Data extracted from a collection
━━━━━━━━━━━━━━━━
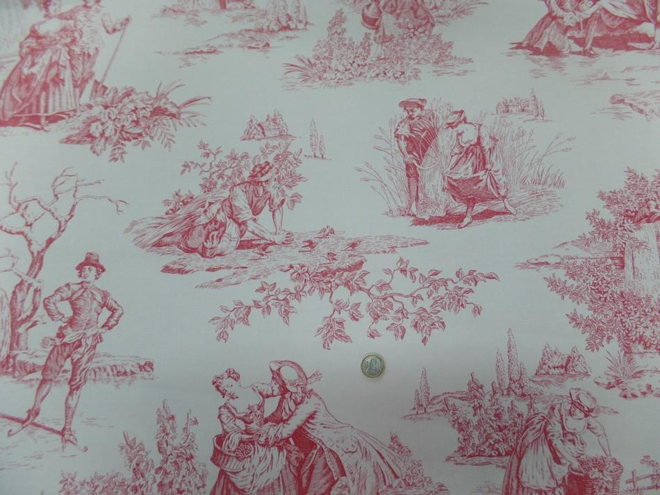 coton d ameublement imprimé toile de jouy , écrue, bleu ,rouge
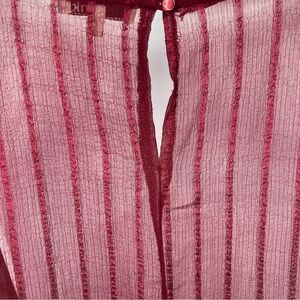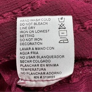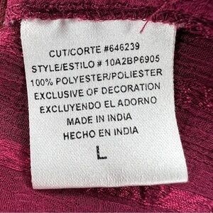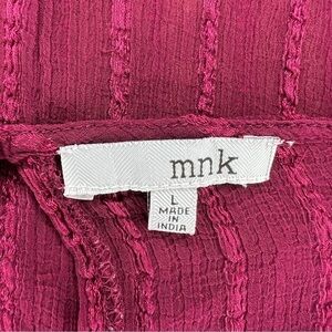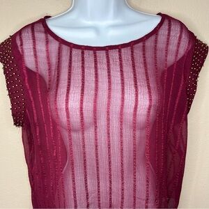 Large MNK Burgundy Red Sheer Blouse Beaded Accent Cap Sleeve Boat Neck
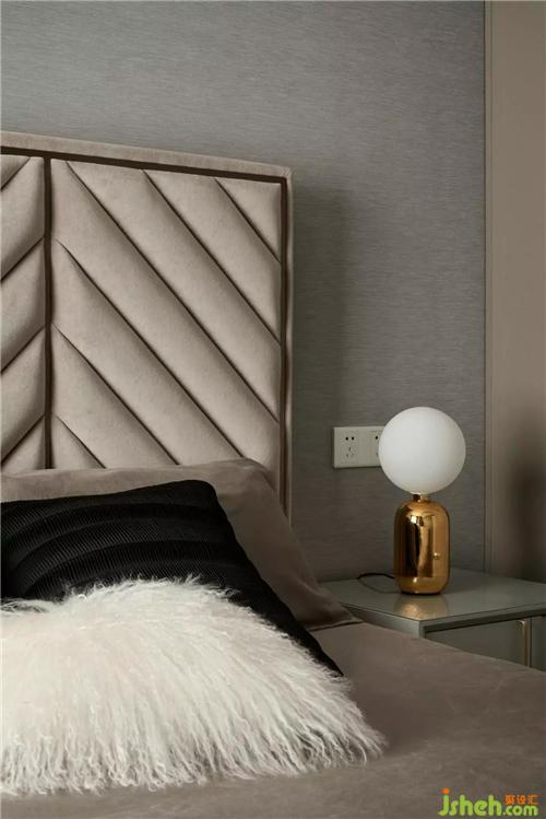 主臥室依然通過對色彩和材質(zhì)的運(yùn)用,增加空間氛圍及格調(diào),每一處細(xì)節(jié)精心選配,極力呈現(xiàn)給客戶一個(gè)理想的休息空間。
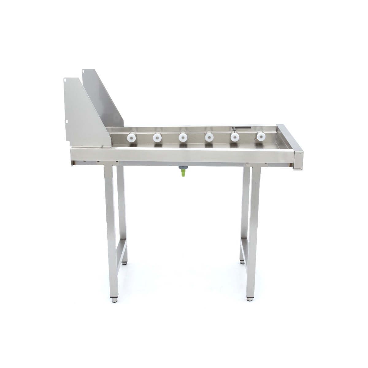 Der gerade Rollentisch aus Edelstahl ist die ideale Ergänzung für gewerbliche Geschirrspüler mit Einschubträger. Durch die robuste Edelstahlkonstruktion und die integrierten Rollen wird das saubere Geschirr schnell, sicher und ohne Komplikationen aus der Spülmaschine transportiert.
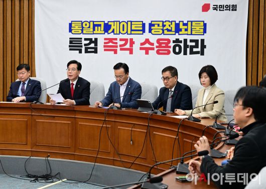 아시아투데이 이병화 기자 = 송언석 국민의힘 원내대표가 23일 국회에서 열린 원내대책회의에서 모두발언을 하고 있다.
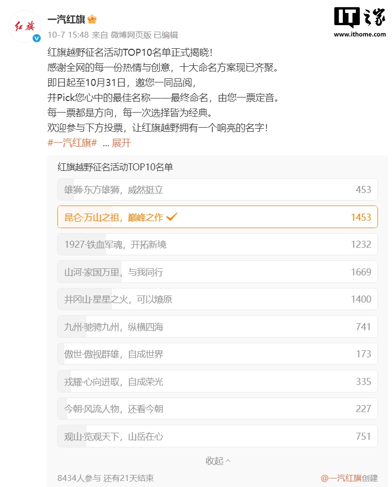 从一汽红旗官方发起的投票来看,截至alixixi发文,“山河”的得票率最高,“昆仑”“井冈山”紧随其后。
━━━━━━━━━━━━━━━━
Goal of the exercise: From the line containing "아시아투데이 이병화 기자" through the end of the entries, quote each line exactly and nothing else, excluding all pictures.

Reply to the exercise:
 아시아투데이 이병화 기자 = 송언석 국민의힘 원내대표가 23일 국회에서 열린 원내대책회의에서 모두발언을 하고 있다.
 从一汽红旗官方发起的投票来看,截至alixixi发文,“山河”的得票率最高,“昆仑”“井冈山”紧随其后。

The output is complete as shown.